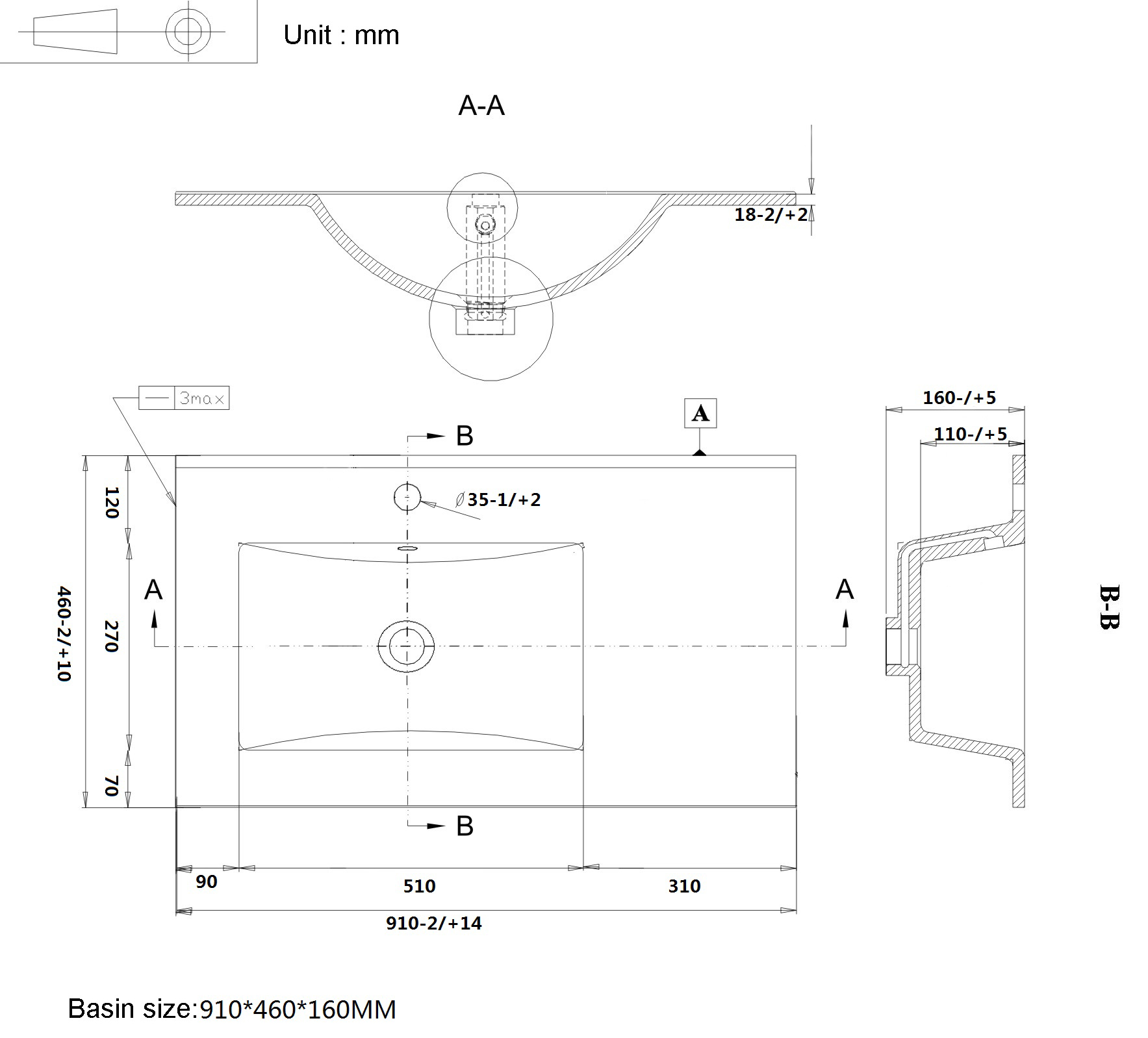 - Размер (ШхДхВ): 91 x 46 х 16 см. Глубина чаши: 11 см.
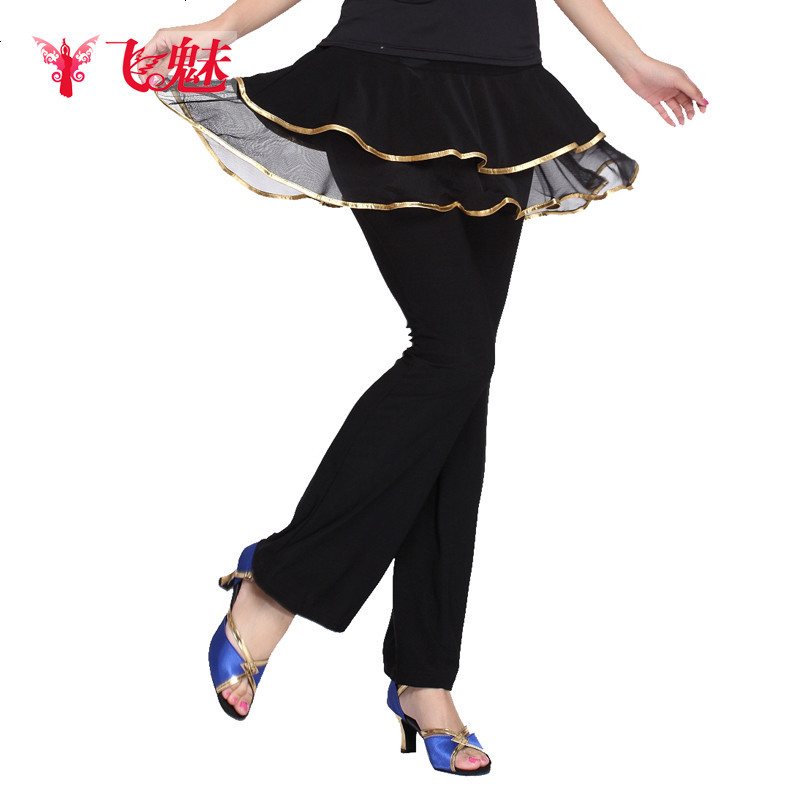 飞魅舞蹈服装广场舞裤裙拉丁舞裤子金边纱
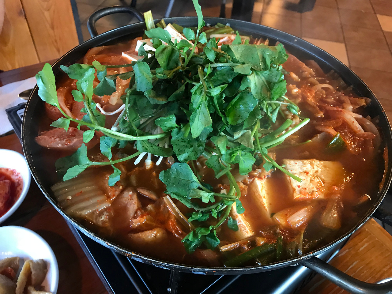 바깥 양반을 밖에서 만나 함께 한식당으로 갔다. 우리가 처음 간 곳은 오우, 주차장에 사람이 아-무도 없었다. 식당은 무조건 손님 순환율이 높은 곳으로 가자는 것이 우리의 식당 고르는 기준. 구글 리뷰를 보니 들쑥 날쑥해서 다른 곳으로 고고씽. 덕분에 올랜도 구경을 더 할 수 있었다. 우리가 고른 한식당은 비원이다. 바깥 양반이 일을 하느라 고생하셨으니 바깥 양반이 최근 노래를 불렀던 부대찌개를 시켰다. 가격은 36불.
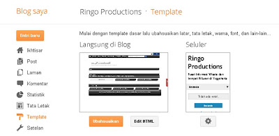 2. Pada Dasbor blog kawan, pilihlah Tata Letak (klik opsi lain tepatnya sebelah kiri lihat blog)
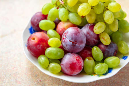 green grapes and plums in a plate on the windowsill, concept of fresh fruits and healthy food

==

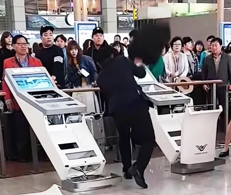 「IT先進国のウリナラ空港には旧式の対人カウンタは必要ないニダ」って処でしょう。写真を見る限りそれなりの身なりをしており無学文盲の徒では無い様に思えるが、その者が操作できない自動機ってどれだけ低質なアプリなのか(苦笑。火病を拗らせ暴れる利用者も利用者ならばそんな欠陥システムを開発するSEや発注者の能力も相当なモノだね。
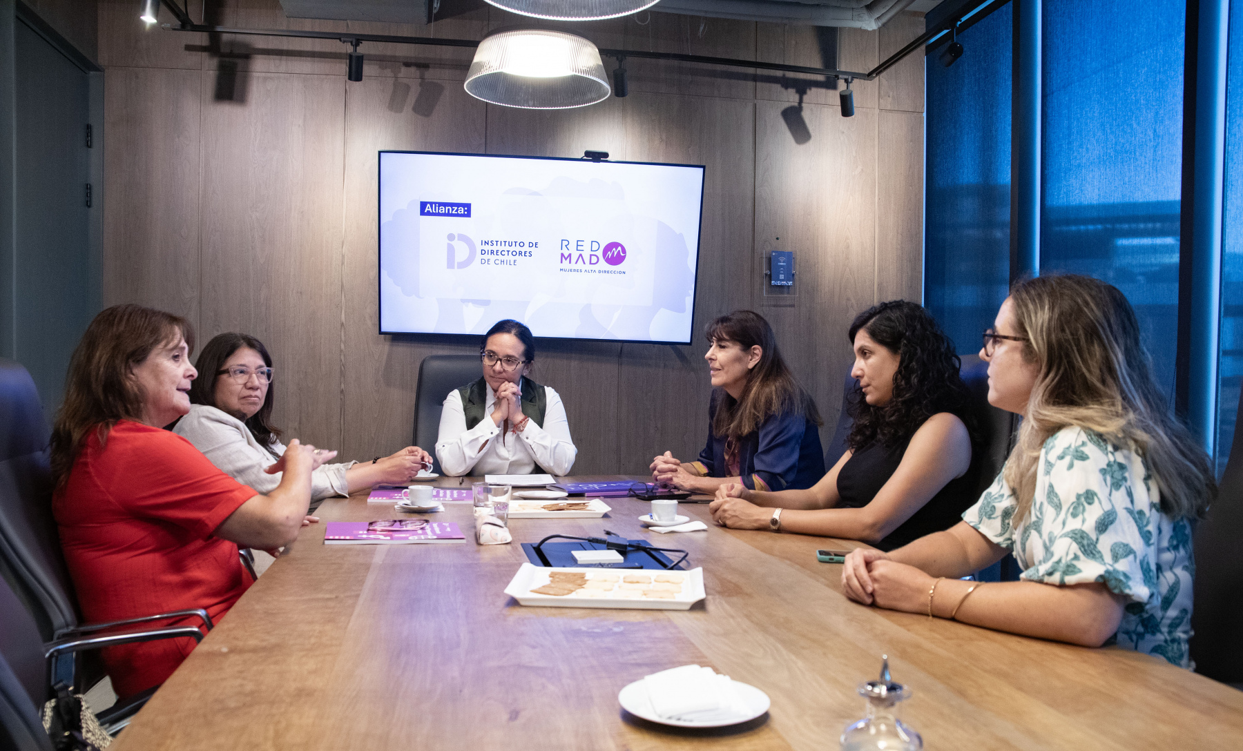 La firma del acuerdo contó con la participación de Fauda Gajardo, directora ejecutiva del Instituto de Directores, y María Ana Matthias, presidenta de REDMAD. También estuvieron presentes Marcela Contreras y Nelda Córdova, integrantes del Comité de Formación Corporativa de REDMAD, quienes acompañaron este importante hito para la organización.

Your instructions
Would you output the lines above from the line holding "2. Pada Dasbor" up to and including the line holding "green grapes and", exactly and only those, with no pictures?

Task response
 2. Pada Dasbor blog kawan, pilihlah Tata Letak (klik opsi lain tepatnya sebelah kiri lihat blog)
 green grapes and plums in a plate on the windowsill, concept of fresh fruits and healthy food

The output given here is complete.